Here’s what your readers should know about Janet Mills, Maine’s current attorney general, who is running for governor:

Last spring, L.D. 677 came before the Legislature’s Judiciary Committee. It attempted to amend Maine’s post-conviction review law to allow prisoners a fair chance for a retrial by establishing a legal basis for a claim of actual innocence. Supporting public testimony was presented by the New England Innocence Project, the Maine Association of Criminal Defense Lawyers and the ACLU of Maine. Committee members asked the state hard questions and seemed to be leaning in favor of the bill.

A week and a half later, the committee’s work session was attended by Mills. First, she introduced her chief of the office’s criminal division, Lisa Marchese, and then stood nearby while Marchese spoke of the then-ongoing Anthony Sanborn case as “an excellent example, if you ask me, of our current law working.” The inference was clear: That current law did everything LD 677 proposed; that it was not needed. And so the committee abruptly voted 12-0 “ought not to pass,” leaving Maine without any legal basis for a claim of actual innocence.

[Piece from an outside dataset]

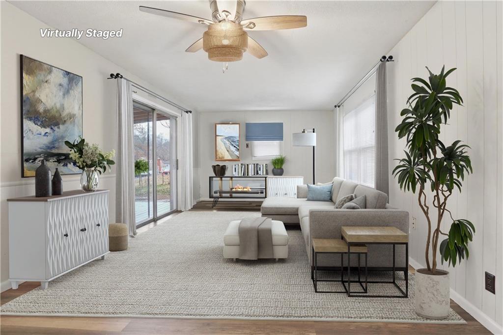 New Year- new exterior paint! Welcome home! The entire exterior just got a make over. Located in a beautiful treed neighborhood with new sidewalks plus parks near by, all this spacious updated home needs now, is a new owner! New flooring throughout most of the entire main level, as well as neutral colors throughout makes this home move in ready. Kitchen has been updated with painted cabinets, newer appliances, including a new kitchen sink and faucet. 2 living spaces on the main level PLUS open up the sliding glass door to a covered porch - Perfect for adding a cozy couch-comfy chairs- maybe a propane firepit and relaxing with friends, family or furr babies- or all of the above. Work from home? No problem- you will have ample space to make that happen. New A/C and newer furnace is definitely a bonus. Good size bedrooms with ceiling fans, remodeled bathrooms- and a finished area in the lower level for working out, hobbies, or play area. Home has good highway accessibility, shopping close by, NKC Hospital and all other everyday conveniences. Any thoughts of waiting on this home- DONT.

In my opinion, the suggestion that the new law is unnecessary is simply not true. Evidently the majority of the public – the electorate – agrees, as several years ago, 57 percent of them polled by Critical Insights favored a retrial for Dennis Dechaine, whose nearly 30 years of appeals have been denied often on procedural grounds, leaving his claim of actual innocence unheard and unexamined in court.

I urge voters to ask Mills the same kinds of hard questions the Judiciary Committee began asking before her presumed authority as attorney general misled them. We already have enough politicians in high places using that authority to offer mere opinion as self-serving fact.